Tonight I finally got time to spend a few hours with an old friend. I dropped her off at her residence, and she had to walk a few hundred feet to get to the main entrance of her apartment. I found myself waiting in the parking space to make sure she got to the door safely.
As Hello Helicopter (by Motion City Soundrack, a band that Brandy and I both felt strongly for,) played via Pandora in my car, I considered the state of my life. It would be biased of me to assume that all of America is going through similar realizations, but I keep wanting to generalize; Why do WE have to live in fear, why do WE have to worry about whether or not our friends will make it home safe?
Well, I haven't taken much time to say this, but this is the hardest thing I've ever done. These wristbands are flying out of my hands. Brandy's mom and other close friends have helped, they've been coming to get 20-50 bracelets off of me to help make money for the Memorial Fund. Brandy's mom, Carrie, she and I went to the head of the department of development at YSU, the college Brandy attended to study sociology, and the college I am currently finishing my junior year at. Carrie and I met with Catherine Calla to discuss their memorial bench program. 2500 for a bench and 1500 for a memorial tree. We are looking to raise enough for both.
I also called Target, where Brandy had previously worked, to ask if they'd host one on their property. I'm awaiting a call back. Carrie is working on setting up a spaghetti dinner and helping Brandy's friend Sebastion with getting a venue for a concert. Carrie has obtained a form to help her create a scholarship in Brandy's name, and also she is going to get a booth at a local Octoberfest at Boardman Park.

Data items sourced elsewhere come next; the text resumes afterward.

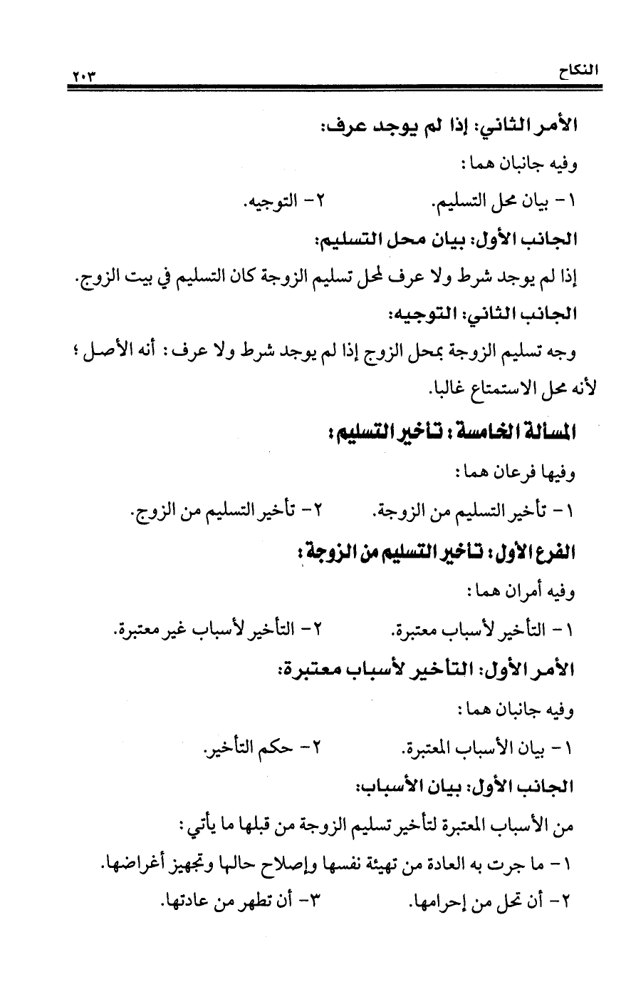 من الأسباب المعتبرة لتأخير تسليم الزوجة من قبلها ما يأتي:
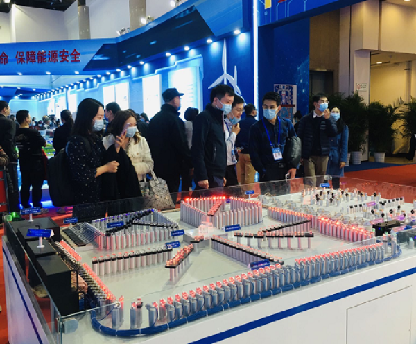 国家“十三五”科技创新成就展上,印着蓝白色午夜av 院徽的中国全超导托卡马克东方超环模型(倪思洁/摄)
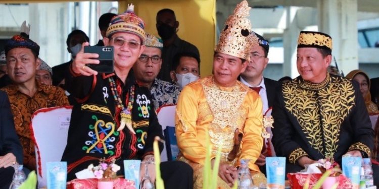 Nampak diantaranya Anggota DPD RI sekaligus Presiden Majelis Adat Dayak Nasional (MADN), Dr. Drs. Marthin Billa M.M, Ketua DPRD Kaltara, Albertus Stefanus Marianus S.T, Kapolda Kaltara Irjen Pol Daniel Adityajaya S.H, S.I.K, M.Si, dan Komandan Korem 092/Maharajalila, Kolonel Arm Ari Estefanus S.Sos, M.Sc.

All of these things are productive and for a great cause, yes, but I really want to know when we get the answers. I've been in this sense of shock and state of responsibility, I'll be damned if Brandy Rosine goes without cause. Not a chance. Not while I'm alive.
It'll be five months in 9 days since Brandy went missing/lost her life. It feels like it happened yesterday, but these days pass as slowly as years.
I put myself in therapy, as I can't help myself through this. But all the therapists in the world can't fix this. Only time travel could. But I've got to keep positive. For positive thoughts bring positive results.